# [DESCRIPTION OF THE TASK]
Reproduce each line of the material exactly, minus any picture.

# [SOURCE MATERIAL]
_ _ _ _ _

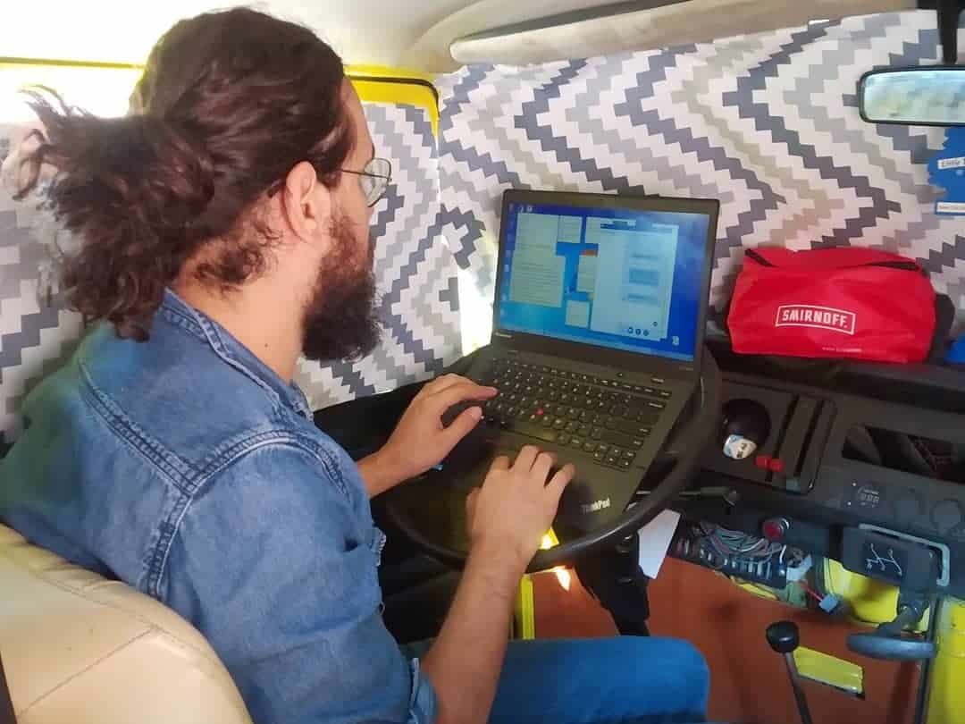 Алсо, а не возникает у тебя проблем с работой? Ты же не в машине работаешь, надеюсь. Нужно рабочее место. Не возникает с этим проблем в лесу, раз у тебя ни стола, ни стула ни света?
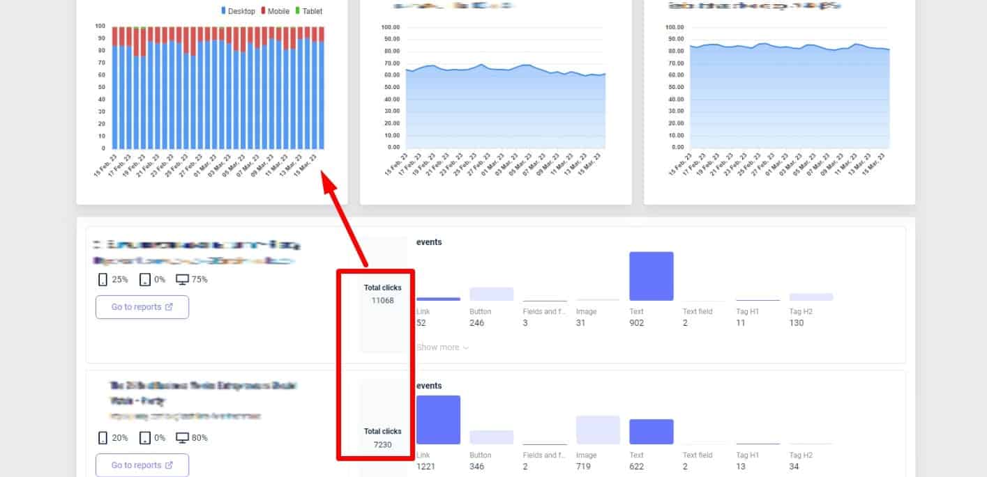 The data split by device type reveals the ratio between several segments and the click count on page elements:
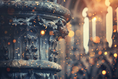 An elaborate stone pillar features intricate carvings and textures, softly illuminated by warm light, creating a tranquil and historic atmosphere.

_ _ _ _ _

# [ANSWER SPACE]
 Алсо, а не возникает у тебя проблем с работой? Ты же не в машине работаешь, надеюсь. Нужно рабочее место. Не возникает с этим проблем в лесу, раз у тебя ни стола, ни стула ни света?
 The data split by device type reveals the ratio between several segments and the click count on page elements:
 An elaborate stone pillar features intricate carvings and textures, softly illuminated by warm light, creating a tranquil and historic atmosphere.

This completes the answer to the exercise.